### GIVEN DATA
*-*-*

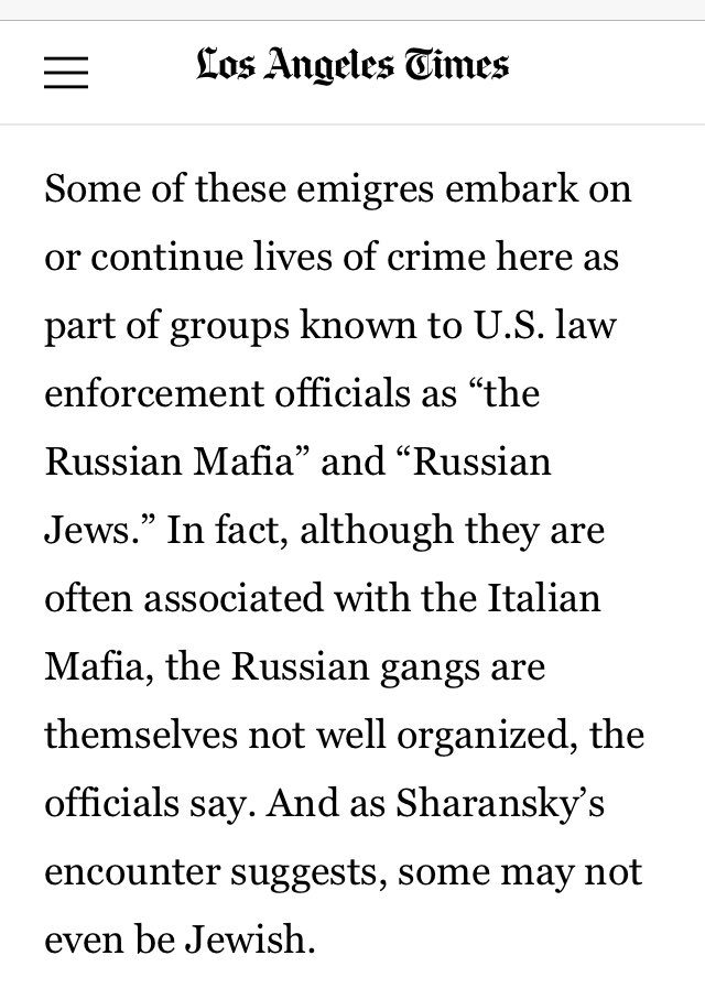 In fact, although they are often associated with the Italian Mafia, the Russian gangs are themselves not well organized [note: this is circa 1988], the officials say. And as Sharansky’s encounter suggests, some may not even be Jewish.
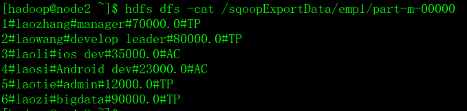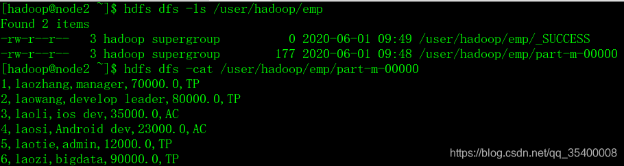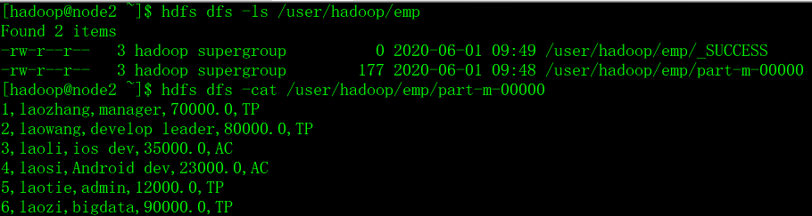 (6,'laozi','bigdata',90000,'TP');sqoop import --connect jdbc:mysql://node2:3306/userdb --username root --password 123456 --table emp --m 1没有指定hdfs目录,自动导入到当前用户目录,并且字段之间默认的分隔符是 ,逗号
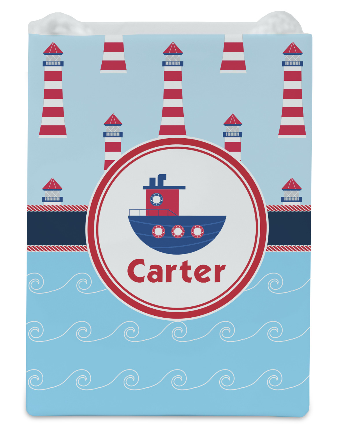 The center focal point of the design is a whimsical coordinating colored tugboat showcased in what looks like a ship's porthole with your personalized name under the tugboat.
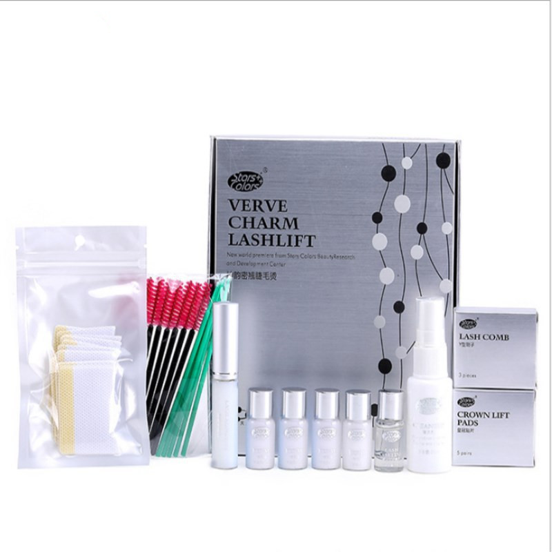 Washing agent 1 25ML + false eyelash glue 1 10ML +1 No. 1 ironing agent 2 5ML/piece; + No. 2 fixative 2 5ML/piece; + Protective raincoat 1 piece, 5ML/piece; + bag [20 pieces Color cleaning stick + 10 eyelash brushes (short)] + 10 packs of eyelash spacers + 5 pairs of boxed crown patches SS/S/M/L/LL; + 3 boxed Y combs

*-*-*

### WORK ITEM
Where pictures appear, skip them and transcribe all other material word for word.

### EXERCISE ANSWER
 In fact, although they are often associated with the Italian Mafia, the Russian gangs are themselves not well organized [note: this is circa 1988], the officials say. And as Sharansky’s encounter suggests, some may not even be Jewish.
 (6,'laozi','bigdata',90000,'TP');sqoop import --connect jdbc:mysql://node2:3306/userdb --username root --password 123456 --table emp --m 1没有指定hdfs目录,自动导入到当前用户目录,并且字段之间默认的分隔符是 ,逗号
 The center focal point of the design is a whimsical coordinating colored tugboat showcased in what looks like a ship's porthole with your personalized name under the tugboat.
 Washing agent 1 25ML + false eyelash glue 1 10ML +1 No. 1 ironing agent 2 5ML/piece; + No. 2 fixative 2 5ML/piece; + Protective raincoat 1 piece, 5ML/piece; + bag [20 pieces Color cleaning stick + 10 eyelash brushes (short)] + 10 packs of eyelash spacers + 5 pairs of boxed crown patches SS/S/M/L/LL; + 3 boxed Y combs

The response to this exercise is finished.